Sin mayoría para Weber, Timmermans o Vestager (el presidente Emmanuel Macron de Francia declaró a los tres “descartados” al abandonar la cumbre), no hay consenso en torno a un candidato a presidente de la comisión ni en el parlamento ni en el consejo. Y sin ese primer bloque de construcción, es complicado asignar los trabajos grandes restantes. Así que la reunión se disolvió en la madrugada del 21 de junio después de haber decidido que no había nominaciones. Los líderes se volverán a reunir el 30 de junio, poco antes de que se reúna el nuevo parlamento el 2 de julio y antes de la esperada votación sobre el candidato a la comisión nominado dos semanas después.

A la sensación de frustración en la cumbre se sumó la incapacidad de los líderes para llegar a un acuerdo sobre un compromiso común para una UE sin emisiones de carbono para 2050, con las objeciones de Polonia, la República Checa, Hungría y Estonia en el camino.

¿Qué sigue para el rompecabezas de los grandes trabajos? Weber aún no está completamente fuera de la carrera, pero sus perspectivas parecen malas. Incluso la Sra. Merkel parece resignarse a esto, reconociendo que los líderes necesitaban encontrar un candidato a la comisión capaz de comandar la amplia mayoría necesaria: “No queremos, bajo ninguna circunstancia, una crisis con el parlamento”, insistió anoche.
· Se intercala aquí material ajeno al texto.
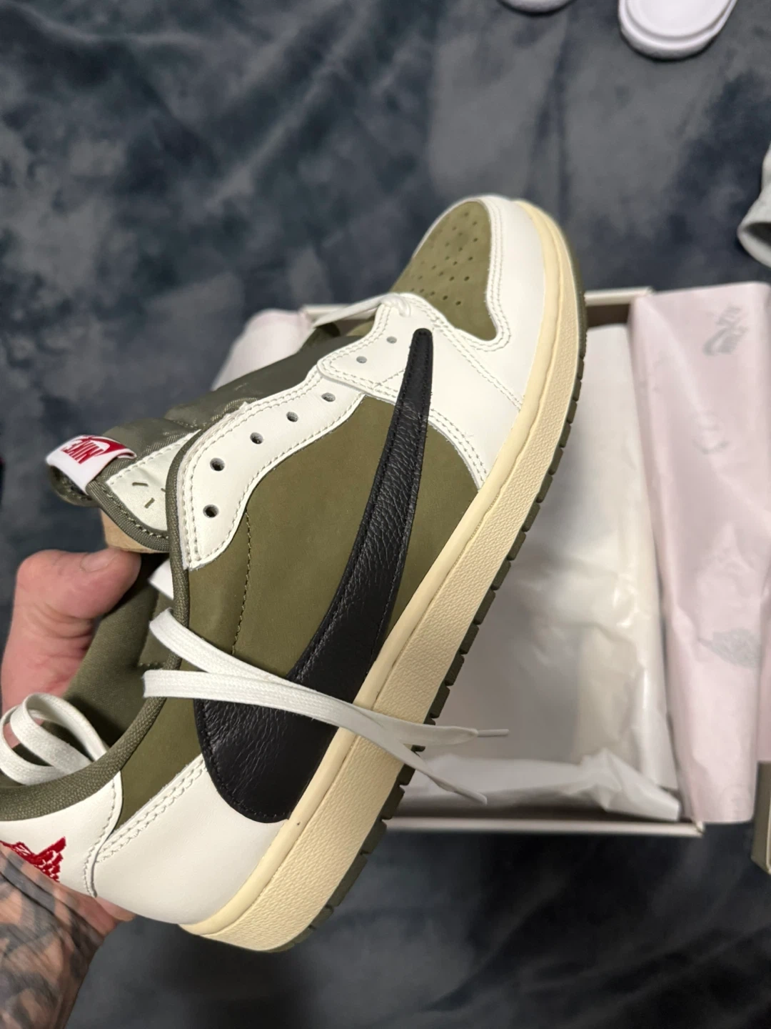 These are the Nike Air Jordan 1 Low OG SP Travis Scott sneakers in the Olive colourway. They come with their original box and packaging paper. A classic collaboration for any sneaker enthusiast!
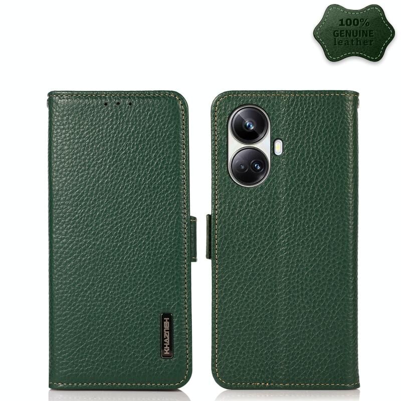 Θήκη τηλεφώνου Realme 10 Pro+ KHAZNEH με μαγνητικό κλείσιμο, από γνήσιο δέρμα Litchi και προστασία RFID (Καφέ)
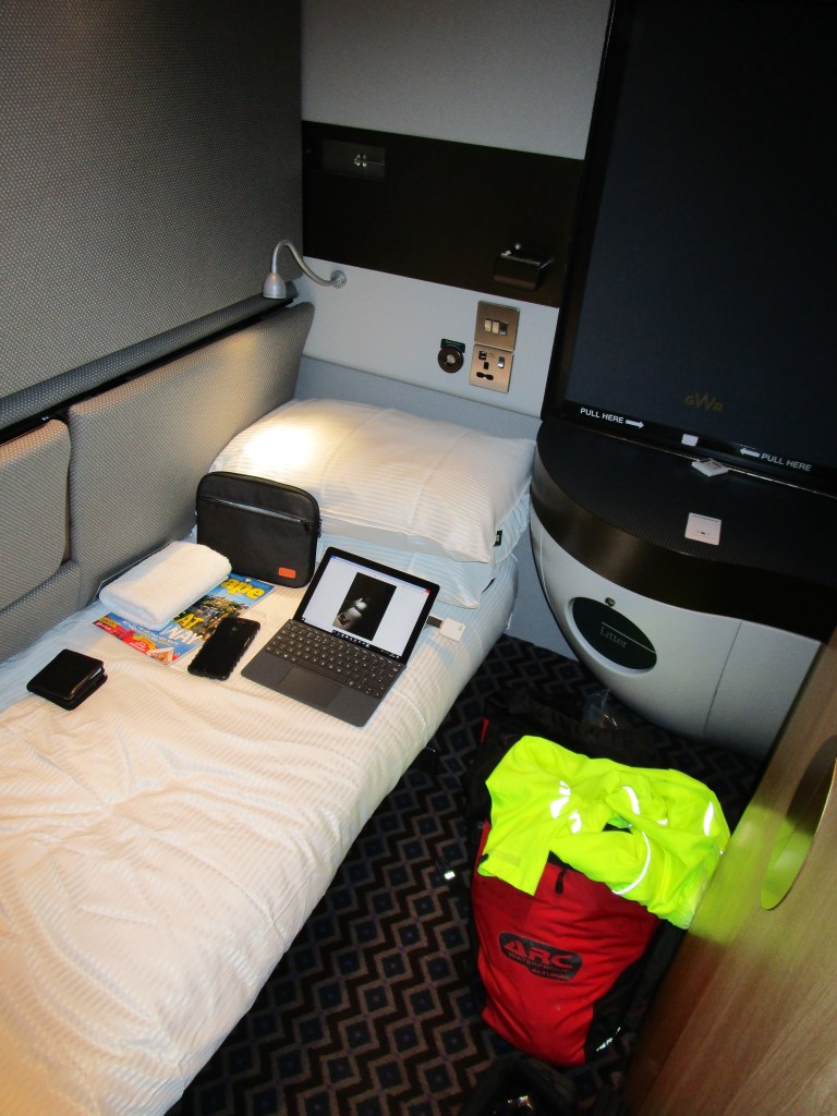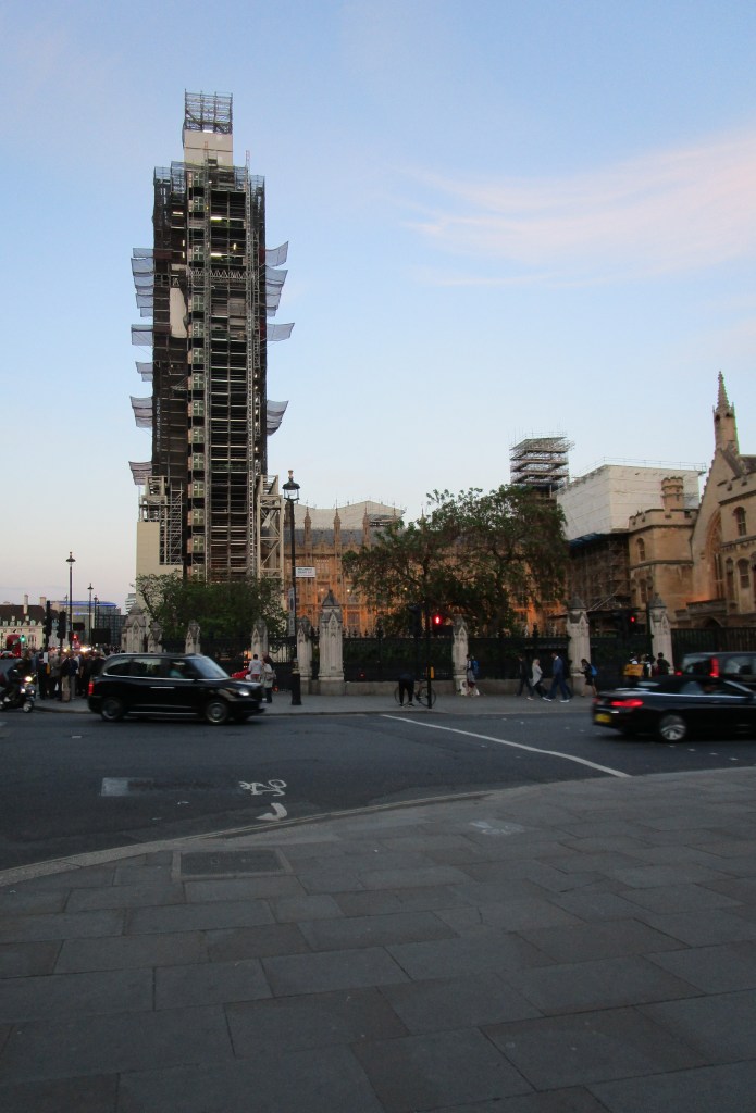 The nice Garmin navigation machine took me across London past a few notable highlights. These included the old with the new (Tower of London with the Shard), a completely boarded up Big Ben – a metaphor for our current political system if there ever was one – in dire need of rejuvenation and repair. I cannot help feeling that our ancestor, Oliver Cromwell, might well have had a few words to say…. Then past Buck House – good to see that Madge was in residence. Eventually I ended up at Paddington station where I had to wait a bit before being allowed to take my berth on the sleeper. Total distance on this ride: 13.4 km, running total: 23.3 km. One accident.
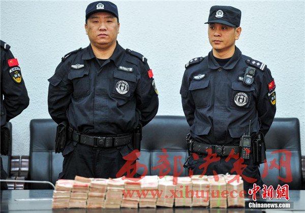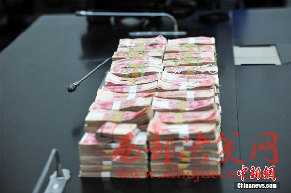 沈陽警方現(xiàn)場展示被盜贓款。
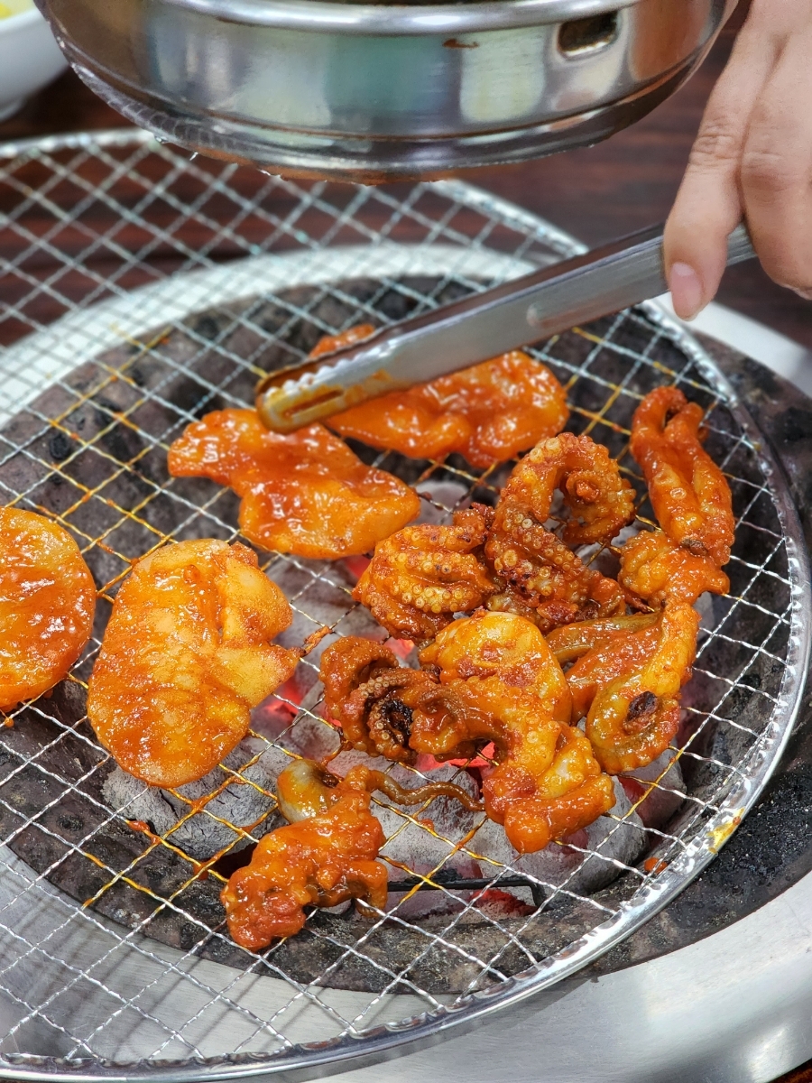 개인적으로 숯불에 조금 많이 익힌 쭈꾸미도
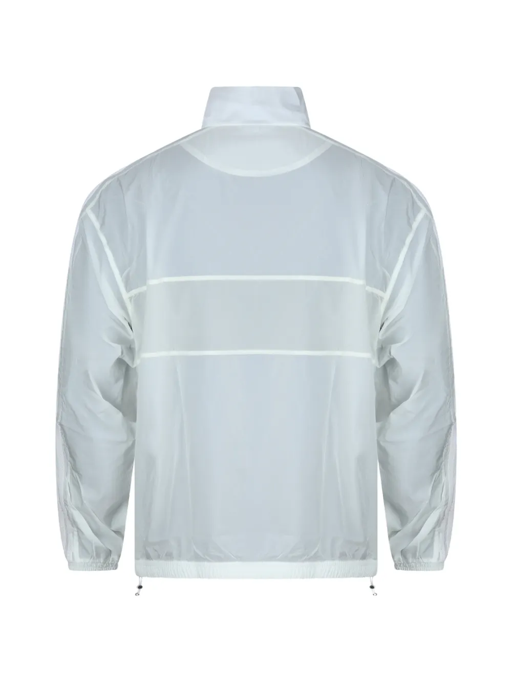 white ripstop texture logo print to the chest high neck front zip fastening long sleeves elasticated cuffs elasticated drawstring hem drawstring hem
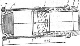 в тубус 5 с резиновым упорным кольцом 7. Положение тубуса 5 определяют по миллиметровой шкале, нанесенной на поверхности тубуса. Этой шкалой пользуются для измерения удаления выходного зрачка. Предел измерения составляет до 30 мм.

Se espera que el canciller alemán entretenga figuras alternativas en la próxima discusión. Un posible candidato de compromiso es Michel Barnier, un político francés del PPE y principal negociador del Brexit de la UE. Pero puede ser que surjan otros nombres, tal vez en la cumbre del G20 en Japón la próxima semana, donde varios líderes importantes de la UE tendrán la oportunidad de llegar a acuerdos antes de la próxima reunión en Bruselas. Una opción es que los líderes detengan la discusión sobre el trabajo de la comisión y se decidan por los candidatos para el consejo y el BCE, y luego vuelvan a trabajar desde allí. Una teoría extravagante que circula incluso tiene a Donald Tusk, el presidente del Consejo Europeo, que finalmente se presenta para liderar la comisión.

El punto muerto, al igual que la incapacidad para llegar a un consenso sobre los objetivos climáticos, es una señal de los tiempos. Europa es un lugar más fracturado que en el pasado, con divisiones más grandes entre los estados miembros y un panorama político más fragmentado tanto en las capitales nacionales como en el Parlamento Europeo entrante (el presidente exitoso de la comisión probablemente necesitará el respaldo de tres o incluso cuatro grupos para asegurar una mayoría, donde dos solían ser suficientes). Algunos estados miembros están más acostumbrados a esto que otros. Holanda, que ha experimentado la fragmentación política durante más tiempo y en mayor medida que la mayoría, tardó siete meses en formar su último gobierno, como les recordó Rutte a los periodistas anoche, instando a la paciencia. Leo Varadkar, el taoiseach (primer ministro) de Irlanda fue menos emoliente y desesperado: “Es más rápido elegir al Papa”.